:: Task data ::
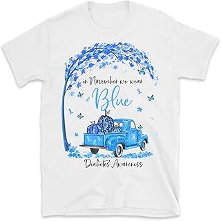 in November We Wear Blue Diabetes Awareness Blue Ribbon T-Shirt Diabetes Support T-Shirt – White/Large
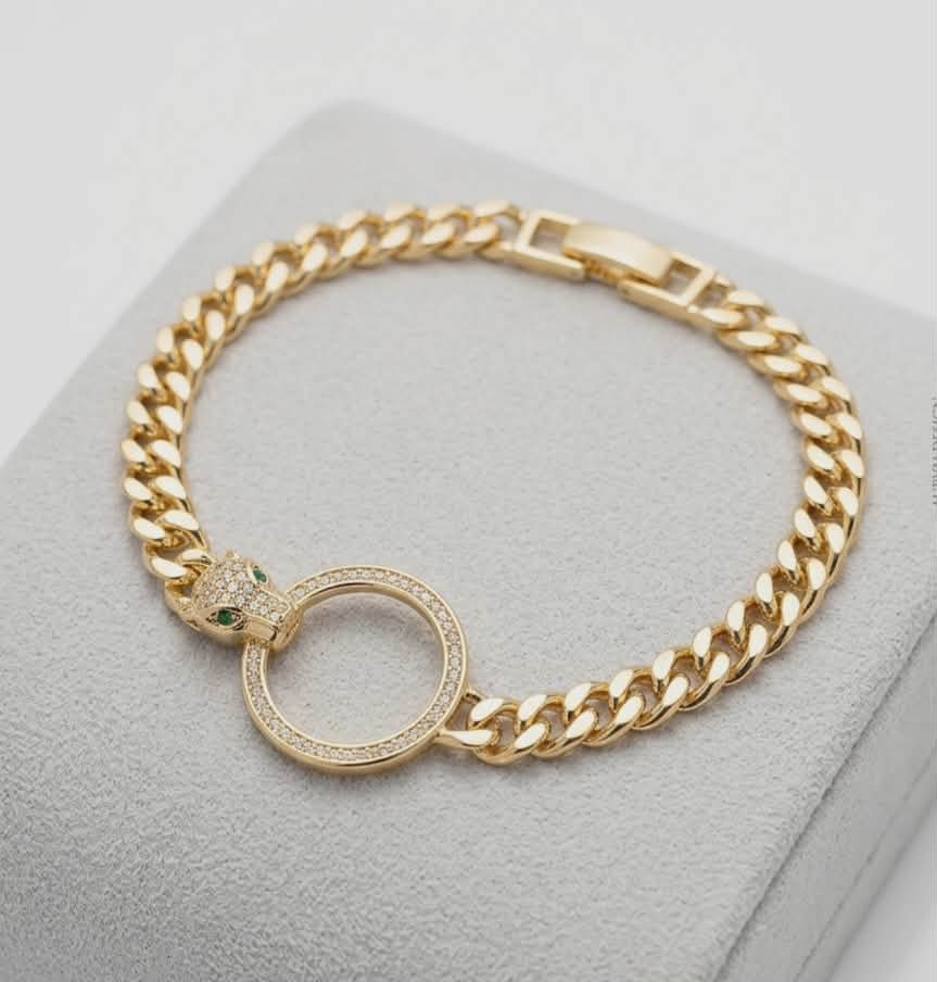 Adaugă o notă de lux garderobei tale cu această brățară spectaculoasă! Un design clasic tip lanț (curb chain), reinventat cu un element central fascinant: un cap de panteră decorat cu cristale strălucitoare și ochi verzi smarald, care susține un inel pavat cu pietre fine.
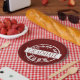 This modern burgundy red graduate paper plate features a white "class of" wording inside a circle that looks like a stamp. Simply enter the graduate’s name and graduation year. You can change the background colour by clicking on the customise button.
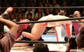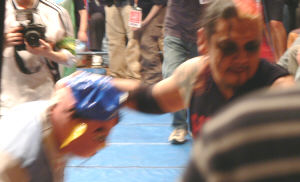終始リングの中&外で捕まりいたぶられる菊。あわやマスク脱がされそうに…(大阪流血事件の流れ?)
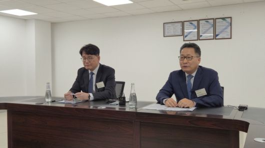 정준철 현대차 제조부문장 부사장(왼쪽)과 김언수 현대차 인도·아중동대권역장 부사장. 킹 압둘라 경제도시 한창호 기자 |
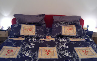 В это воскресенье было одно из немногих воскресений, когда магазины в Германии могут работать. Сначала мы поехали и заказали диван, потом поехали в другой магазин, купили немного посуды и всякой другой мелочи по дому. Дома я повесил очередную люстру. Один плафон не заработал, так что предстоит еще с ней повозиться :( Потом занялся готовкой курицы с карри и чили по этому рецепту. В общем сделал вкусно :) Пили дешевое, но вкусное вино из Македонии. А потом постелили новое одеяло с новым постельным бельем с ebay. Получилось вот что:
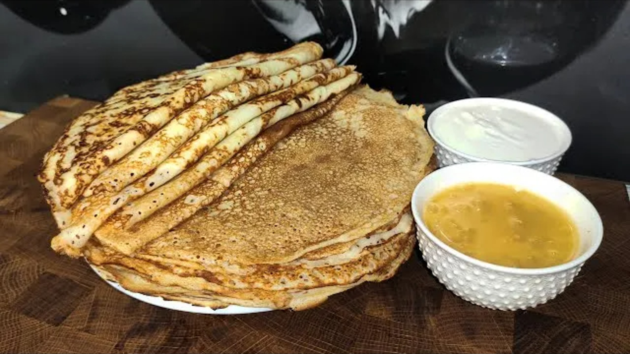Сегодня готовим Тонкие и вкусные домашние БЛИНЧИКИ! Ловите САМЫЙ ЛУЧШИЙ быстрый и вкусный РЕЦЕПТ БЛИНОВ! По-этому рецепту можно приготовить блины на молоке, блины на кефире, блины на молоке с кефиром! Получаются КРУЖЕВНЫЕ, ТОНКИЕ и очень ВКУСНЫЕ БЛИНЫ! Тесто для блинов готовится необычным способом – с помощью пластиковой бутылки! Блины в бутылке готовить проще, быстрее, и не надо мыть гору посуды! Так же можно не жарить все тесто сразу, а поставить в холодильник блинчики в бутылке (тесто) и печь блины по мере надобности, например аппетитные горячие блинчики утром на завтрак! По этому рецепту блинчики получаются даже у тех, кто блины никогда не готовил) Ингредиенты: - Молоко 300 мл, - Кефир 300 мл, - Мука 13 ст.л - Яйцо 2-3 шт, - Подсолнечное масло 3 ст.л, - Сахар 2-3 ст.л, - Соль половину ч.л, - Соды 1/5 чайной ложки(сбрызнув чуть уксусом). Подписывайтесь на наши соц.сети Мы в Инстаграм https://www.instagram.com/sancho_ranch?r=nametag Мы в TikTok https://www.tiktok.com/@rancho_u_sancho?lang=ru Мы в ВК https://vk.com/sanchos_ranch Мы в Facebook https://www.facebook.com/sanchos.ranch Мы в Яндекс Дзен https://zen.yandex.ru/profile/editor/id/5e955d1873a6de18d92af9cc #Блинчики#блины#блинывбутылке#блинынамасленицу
:::
Only the text of the material belongs in your copy, which must match the original exactly.

 in November We Wear Blue Diabetes Awareness Blue Ribbon T-Shirt Diabetes Support T-Shirt – White/Large
 Adaugă o notă de lux garderobei tale cu această brățară spectaculoasă! Un design clasic tip lanț (curb chain), reinventat cu un element central fascinant: un cap de panteră decorat cu cristale strălucitoare și ochi verzi smarald, care susține un inel pavat cu pietre fine.
 This modern burgundy red graduate paper plate features a white "class of" wording inside a circle that looks like a stamp. Simply enter the graduate’s name and graduation year. You can change the background colour by clicking on the customise button.
終始リングの中&外で捕まりいたぶられる菊。あわやマスク脱がされそうに…(大阪流血事件の流れ?)
 정준철 현대차 제조부문장 부사장(왼쪽)과 김언수 현대차 인도·아중동대권역장 부사장. 킹 압둘라 경제도시 한창호 기자 |
 В это воскресенье было одно из немногих воскресений, когда магазины в Германии могут работать. Сначала мы поехали и заказали диван, потом поехали в другой магазин, купили немного посуды и всякой другой мелочи по дому. Дома я повесил очередную люстру. Один плафон не заработал, так что предстоит еще с ней повозиться :( Потом занялся готовкой курицы с карри и чили по этому рецепту. В общем сделал вкусно :) Пили дешевое, но вкусное вино из Македонии. А потом постелили новое одеяло с новым постельным бельем с ebay. Получилось вот что:
Сегодня готовим Тонкие и вкусные домашние БЛИНЧИКИ! Ловите САМЫЙ ЛУЧШИЙ быстрый и вкусный РЕЦЕПТ БЛИНОВ! По-этому рецепту можно приготовить блины на молоке, блины на кефире, блины на молоке с кефиром! Получаются КРУЖЕВНЫЕ, ТОНКИЕ и очень ВКУСНЫЕ БЛИНЫ! Тесто для блинов готовится необычным способом – с помощью пластиковой бутылки! Блины в бутылке готовить проще, быстрее, и не надо мыть гору посуды! Так же можно не жарить все тесто сразу, а поставить в холодильник блинчики в бутылке (тесто) и печь блины по мере надобности, например аппетитные горячие блинчики утром на завтрак! По этому рецепту блинчики получаются даже у тех, кто блины никогда не готовил) Ингредиенты: - Молоко 300 мл, - Кефир 300 мл, - Мука 13 ст.л - Яйцо 2-3 шт, - Подсолнечное масло 3 ст.л, - Сахар 2-3 ст.л, - Соль половину ч.л, - Соды 1/5 чайной ложки(сбрызнув чуть уксусом). Подписывайтесь на наши соц.сети Мы в Инстаграм https://www.instagram.com/sancho_ranch?r=nametag Мы в TikTok https://www.tiktok.com/@rancho_u_sancho?lang=ru Мы в ВК https://vk.com/sanchos_ranch Мы в Facebook https://www.facebook.com/sanchos.ranch Мы в Яндекс Дзен https://zen.yandex.ru/profile/editor/id/5e955d1873a6de18d92af9cc #Блинчики#блины#блинывбутылке#блинынамасленицу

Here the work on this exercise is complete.